4 kinds of reference objects

Reference type usage description
Strong reference Object obj = new Object() When there is a variable reference, there is not enough memory, and the JVM would rather throw OutOfMemory instead of recycling this object
Soft reference SoftReference softRef = new SoftReference (object) Used to describe useful but non-essential objects, that is, when the memory is about to overflow, it will look back at the soft reference associated object
Weak reference WeakReference weakRef= new WeakReference(object) It is used to describe some non-essential objects. Weak reference related objects can only survive until the next garbage collection, regardless of whether the current memory is enough, they will be recycled
Virtual reference ReferenceQueue refQueue= new ReferenceQueue(object) It is to set up a system notification when the referenced object is recycled by GC

Garbage collection algorithm

Mark removal algorithm

It is divided into two steps: marking and clearing. First, mark all the objects to be recycled, and mark all the objects after marking
Mark removal algorithm

Disadvantages: First, the efficiency of marking and cleaning is not high, and second, it will generate a lot of memory fragmentation

Tag sorting algorithm

The steps of the mark sorting algorithm are the same as the mark clearing algorithm, except that the subsequent steps do not directly collect objects for cleaning, but move all surviving objects to one end, and then directly clean the memory beyond the end boundary
Tag sorting algorithm

Replication algorithm

Divide the memory into two equal blocks according to the capacity, and only use one of them at a time. Whenever one block of memory is used up, copy the live objects to another block, and then clean up the
Replication algorithm
shortcomings of the previously used memory space at once : Memory usage will be reduced to half of the original, memory usage is reduced

Generational garbage algorithm

The current commercial virtual machines all use generational collection algorithms, which are divided into several areas according to the different life cycle of the object. Generally, the Java heap area is divided into the new generation and the old generation. In this case, it can be used according to the characteristics of each generation. Different big algorithms

Most of the objects in the new generation are dying, and there is a small amount of knowledge that can survive. At this time, the copy algorithm is preferred. As long as a small number of surviving objects are copied, the cleaning work can be completed.
In the old generation, the probability of survival of the object is very high, there is no additional space for allocation, so the mark-sweep and mark-sort algorithms are used for recycling

Insert picture description here

JDK garbage collector

The default garbage collector

  • 1.7 Parallel Scavenge+ Parallel Old
  • 1.8 Parallel Scavenge + Parallel Old (G1 can also be used)
  • 1.9 G1

New Generation Collectors: Serial, ParNew, Parallel Scavenge

Old generation collector: Serial Old, Parallel Old, CMS

Collector: G1

Insert picture description hereThe interconnected talents can cooperate with each other. The top is the new generation collector, the bottom is the old generation collector

Serial

Single-threaded collector, single-threaded does not only mean using a CPU or a collection instruction to complete the garbage collection work, single-threaded means that when garbage collection and recycling must stop other worker threads until it collects Completion of work

Features: single thread, simple and efficient (compared to the single thread of other collectors), for a single CPU environment, the Serial collector does not have the overhead of thread interaction, concentrating on garbage collection can naturally get the highest single thread mobile effectiveness. When the collector performs garbage collection, it must suspend all other worker threads until it ends (Stop The World).

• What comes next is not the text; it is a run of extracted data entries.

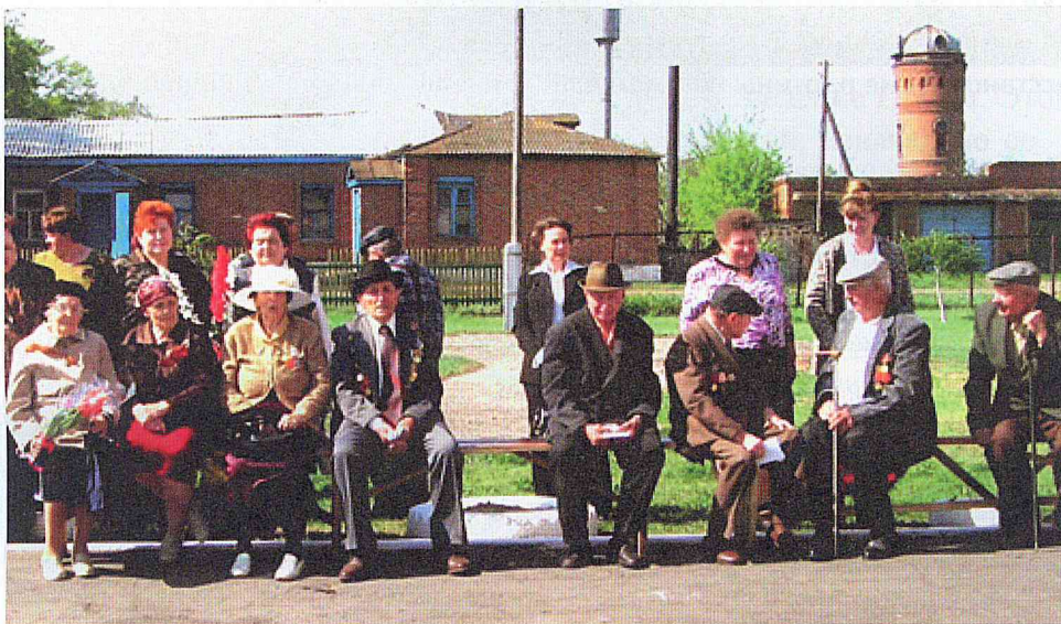
День Победы 2010 год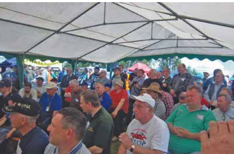
WYPEŁNIONO PO BRZEGI NAMIOT PRELEKCYJNY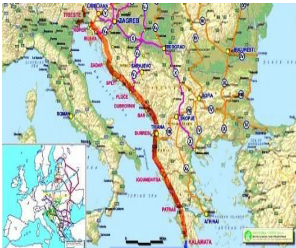
Slika 4. Trasa Jadransko-jonske autoceste, preuzeto s www.dubrovnikpress.hr/index.php?option=com_k2&view=item&id=1041:što-je-to-zapravo-jadransko-jonska-autocesta?Itemid=68 (10.srpanj 2013.)

izgradnjom prometnog pravca Ploče-Budimpešta. Kako drugačije protumačiti izjave bivšeg hrvatskog premijera Zorana Milanovića kako će Dubrovnik povezati s Hrvatskom preko susjedne BiH kad je poznato da je to teritorij kojim dijelom prolazi upravo trasa Jadransko-jonske autoceste. 259 Na svojoj balkanskoj turneji (po zemljama bivše Jugoslavije) bivši hrvatski predsjednik Ivo Josipović sastao se s predsjednikom Crne Gore Filipom Vujanovićem (3. rujna 2013) te su razgovarali o projektu jadransko-jonske autoceste i o regionalnim inicijativama u kojima sudjeluju dvije zemlje. O ovoj cesti razgovaralo se i unutar sastanka u Dubrovniku u sklopu inicijative Brdo-Brijuni 15. srpnja 2014. godine. Prometni pravac često je spominjala i sadašnja hrvatska predsjednica Kolinda Grabar-Kitarović. Jadransko-jonska cesta često je aktualna tema na regionalnim sastancima političara (premijera, predsjednika), ali nema pomaka prema napretku tog važnog projekta.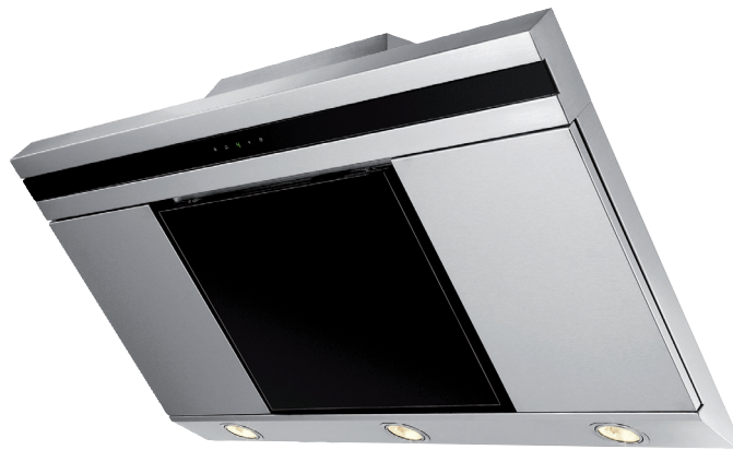
Vampir IV Wandhaube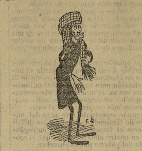
«El Cabo Finisterre y el Golfo de México están agitadosísimos».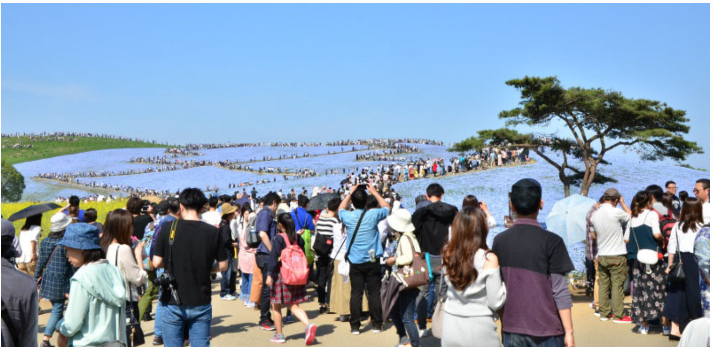
大勢の来園者で賑わうみはらしの丘 撮影/2018年4月21日

今後もお客様に満足いただけるよう努めるとともに、地元自治体や周辺施設と協力し、地域の活性化を目指して公園運営に努めてまいりますので、引き続き取材並びに記事掲載の程よろしくお願い申し上げます。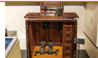
シンガー社の代表的なミシン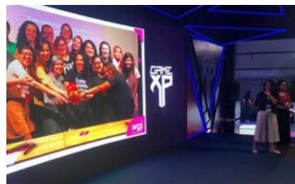
MULHERES NO MUNDO DOS GAMES - GAMEXP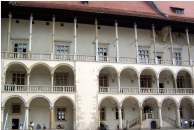
A Wavel udvara a reneszánsz kerengővel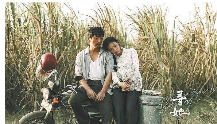
白客与舒淇在片中扮演一对夫妻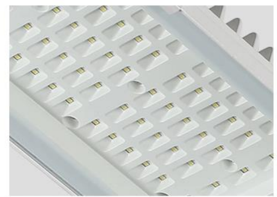
LEDS SMD 3030 de Alto Poder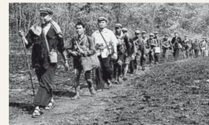
Den här bilden av Pol Pot i spetsen för en kolonn khmerer togs av en japansk nyhetsbyrå 1979. Senare samma år invaderade Vietnam landet och störtade hans skräckregim. Pol Pot flydde till djungeln.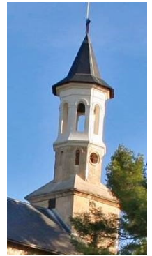
Clocher de la chapelle de St François de Sales (13014)

N otre dernière journée nous amènera à Brignoles, dans l'arrière pays varois. Nous pourrons profiter de ses rues enroulées autour de l'église principale mais aussi des connaissances des apprentis tailleurs de pierre qui nous initieront à leur Art ! Ils ont restauré entièrement les clochers des maisons de la Fondation d'Auteuil, (St François de Sales et Vitagliano.)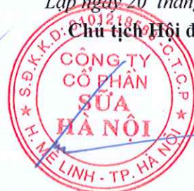
HÀ QUANG TUẤN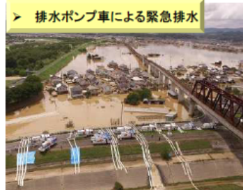
【H30.7月豪雨】 (岡山県倉敷市真備町)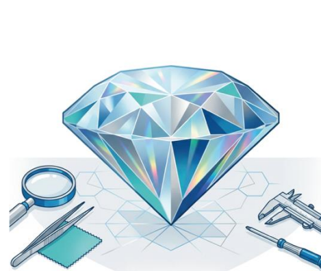
QUALITÄT & PROFESSIONALITÄT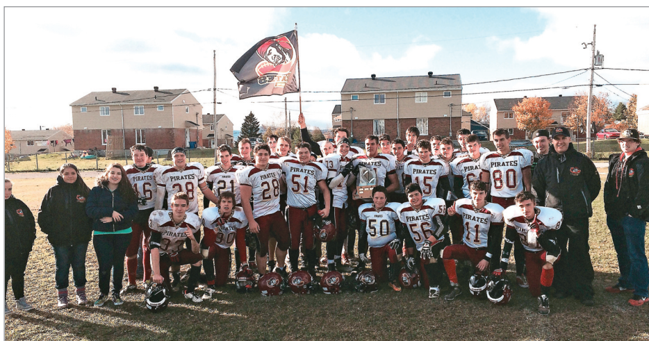
La valeureuse équipe des Pirates a remporté un très beau match.

Une belle prestation avec des jeux d'un haut calibre. La coupe du président se veut l'emblème de football par excellence dans notre région, est une source importante de motivation et de persévérance scolaire pour les garçons. Félicitations aux deux équipes et à l'an prochain!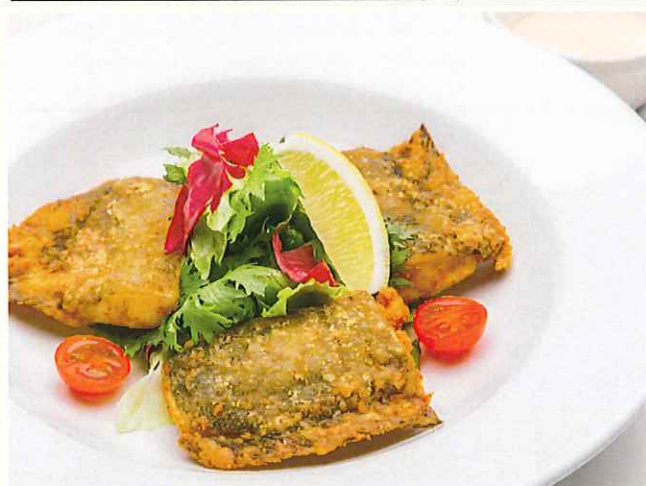
魚のフリット マヨネーズチリソース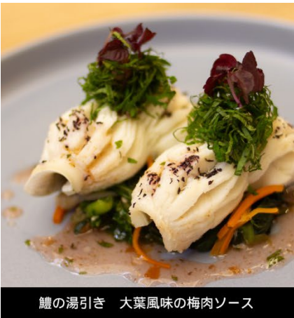
鱧の湯引き 大葉風味の梅肉ソース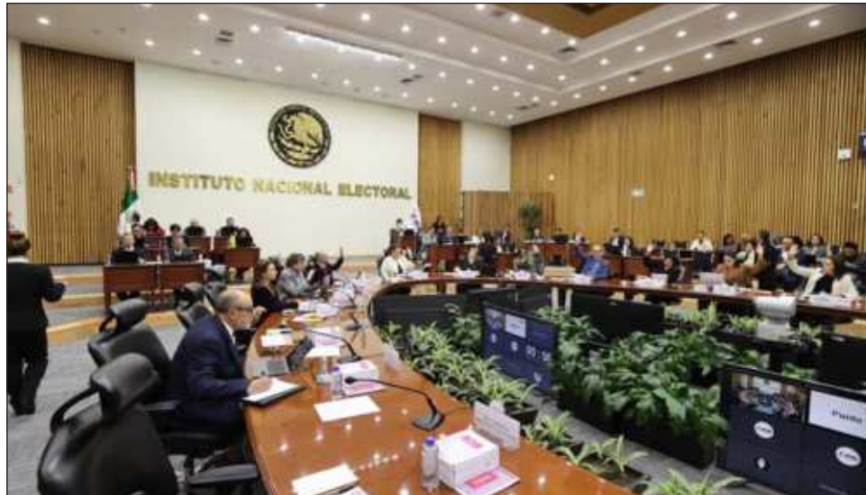
▲ Descartan reducir financiamiento a partidos, de casi 8 mil millones, pues está diseñado a partir de una fórmula establecida en la Constitución, de ahí que la merma recaerá en la elección de juzgadores.

“Genera una preocupación importante; nosotros estamos obligados a realizar la elección judicial, pero ese re-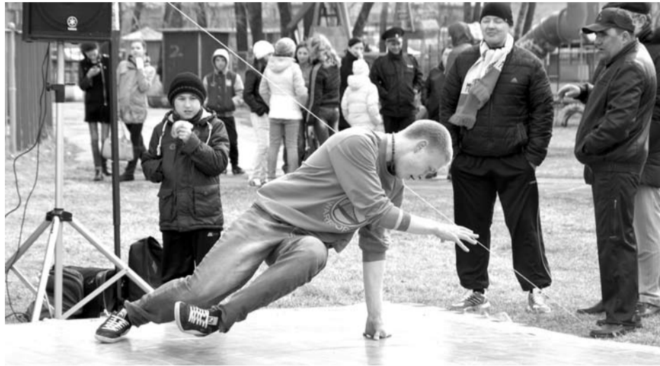
Открытие экстремального сезона в Богдановиче прошло массово и интересно.

Одними из самых зрелищных были соревнования по автозвуку. До старта каждый мог подойти к любой машине и посмотреть ее звуковое оснащение. Здесь можно было увидеть различные акустические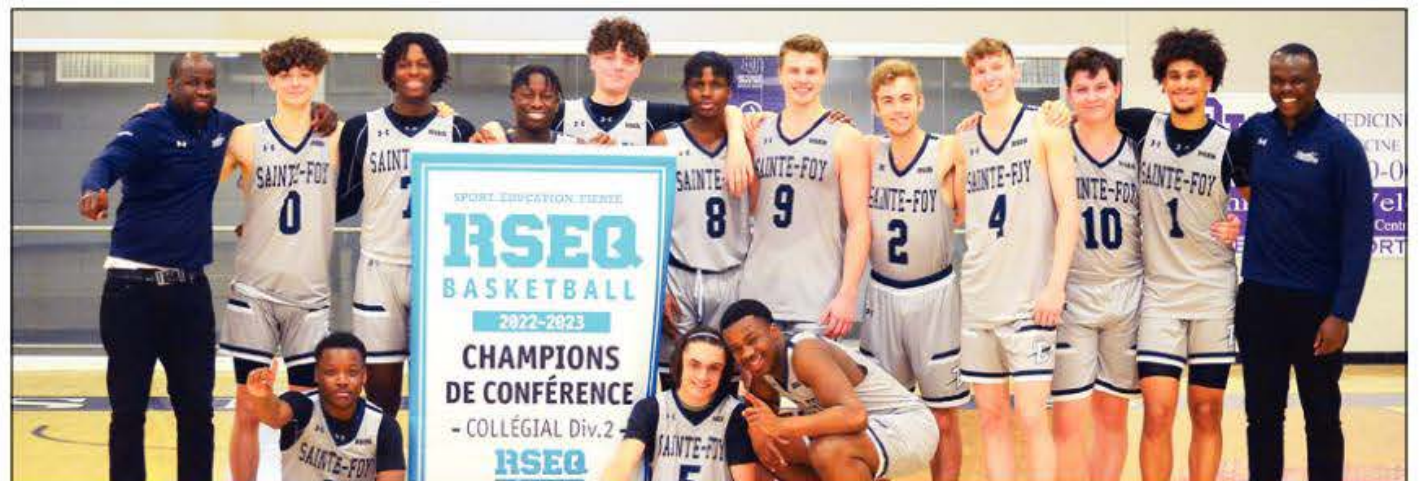
L'équipe masculine de Basketball D2 se classe au 1 er rang de sa conférence pour entamer les Championnats provinciaux, qui se tiendront à Alma.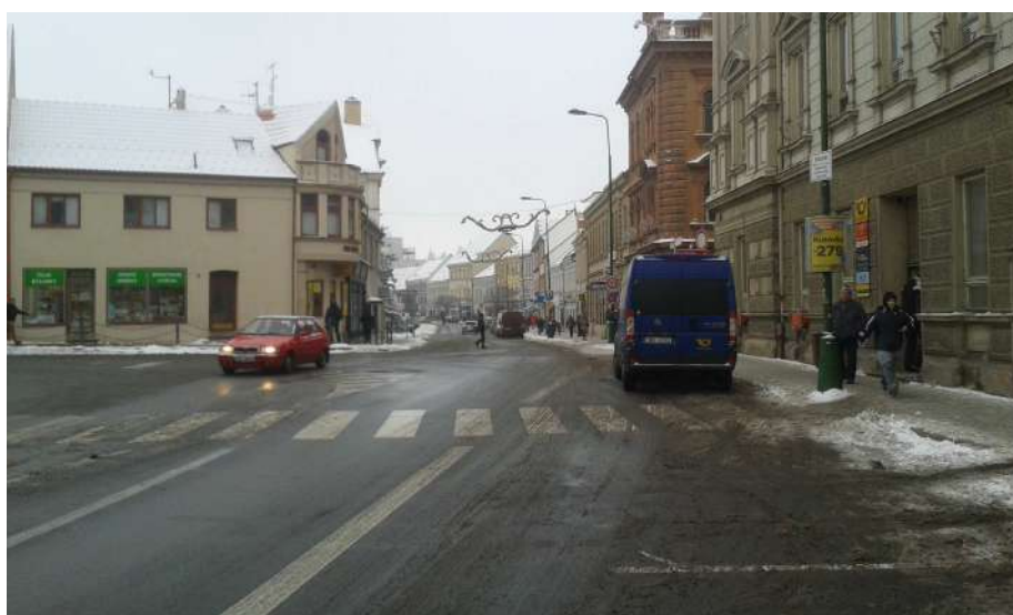
Obr. 9 Pohled na křižovatku z ulice Smila Osového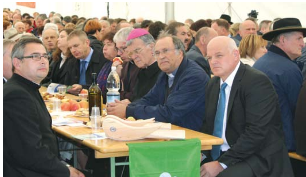
Tradicionalno srečanje je letos na Slom pritegnilo več kot tisoč ljudi.

»Hrana je dar, ki ga mi ljudje pripravljamo drug drugemu, saj je za to, da pride kos kruha na mizo, treba vsaj osem ljudi: tisti, ki je oral, sejal, požel, peljal v mlin, zmel, spekel, prodal in dal na mizo,« je povzdignil poslanstvo kmetov škof Lipovšek.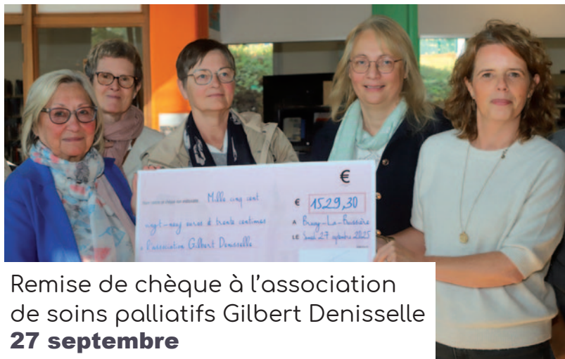
Remise de chèque à l'association de soins palliatifs Gilbert Denisselle 27 septembre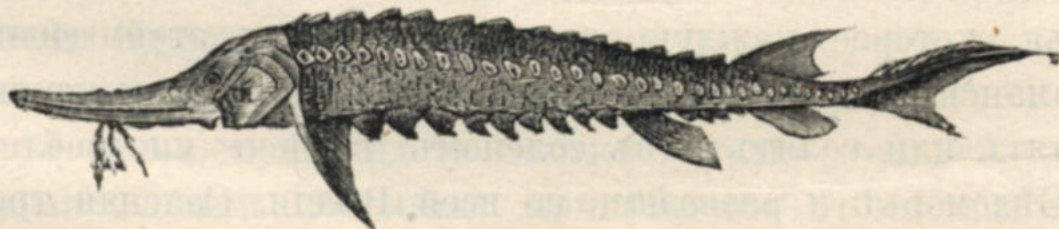
Рис. 410. Севрюга.

сѣверѣ, въ С. Двинѣ и на югѣ, въ Днѣпрѣ. Еще длиннѣе вытянуть носъ или, правильнѣе, конецъ головы у севрюги (рис. 410), покрытой большими, острыми костяными щитками, такъ называемыми — жучками. Огром-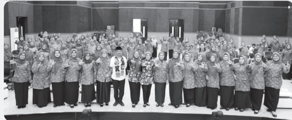
Kegiatan Pembinaan Gelari Pelangi Tahun 2026 di Aula KH. Noer Ali Gedung Bupati Bekasi, Cikarang Pusat, Jumat (3/7).

CIKARANG PUSAT (LB) - Program Gerakan Keluarga Indonesia dalam Peningkatan Kualitas Pendidikan dan Pengelolaan Ekonomi (Gelari Pelangi) menjadi fokus penguatan Tim Penggerak PKK Kabupaten Bekasi sebagai upaya meningkatkan kualitas sumber daya manusia sekaligus memperkuat perekonomian keluarga.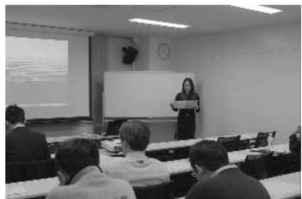
▼ビジネスプラン発表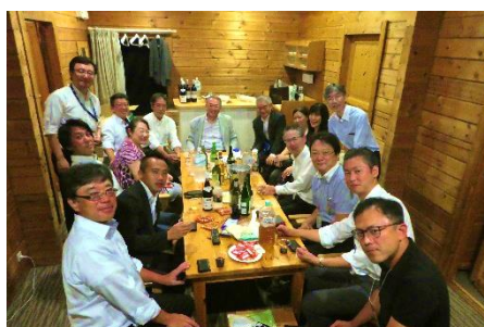
コテージセッション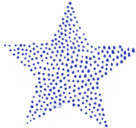
Nr. 2094 39 €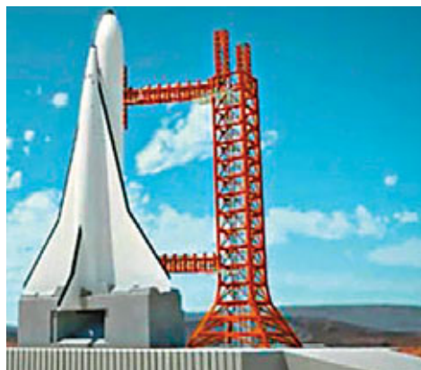
SpaceLiner以火箭推動升空抵達大氣層(右圖)。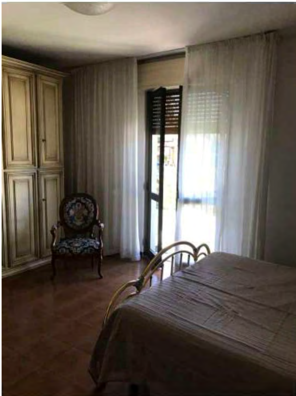
Foto 12: Marina di Massa, Massa. Lotto 001. Piano terra. Camera 2.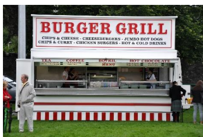
7. jedzenie na wynos – takeaway

Application scenario: Applicable to virtual machines in Client mode.
Serial collector

ParNew

ParNew is a multi-threaded version of the Serial collector. Except for the use of multi-threading, the behavior is exactly the same as the Serial collector (parameter control, collection algorithm, Stop The World, object allocation rules, recycling strategy, etc.) Server's preferred new-generation garbage collector

Features: Multi-threading and ParNew collector enable the same number of collection threads as the CPU by default. In an environment with many CPUs, you can use the -XX: ParallelGCThreads parameter to limit the number of garbage collection threads. Stop The World has the same problem as the Serial collector

Application scenario: ParNew collector is the first-generation collector of many virtual machines running in Server mode, because it is the only one that can work with the CMS collector except the Serial collector.

ParNew collector

Parallel Scavenge

Parallel Scavenge It is also a collector that uses complex algorithms. This collector is different from other collectors in that its goal is to achieve a controllable throughput

Features: The new-generation collector is also a collector using a replication algorithm, and it is also a parallel multi-thread collector (similar to the ParNew collector).

Throughput calculation formula: running user code time / (running user code time + garbage collection time)
Parallel Scavenge collector
the shorter the garbage collection pause time, the more suitable for programs that need to interact with the user. A good response speed can improve the user experience, while high throughput It can efficiently use CPU time to complete the calculation task of the program as soon as possible, which is mainly suitable for tasks that do not need too much interaction in the background calculation.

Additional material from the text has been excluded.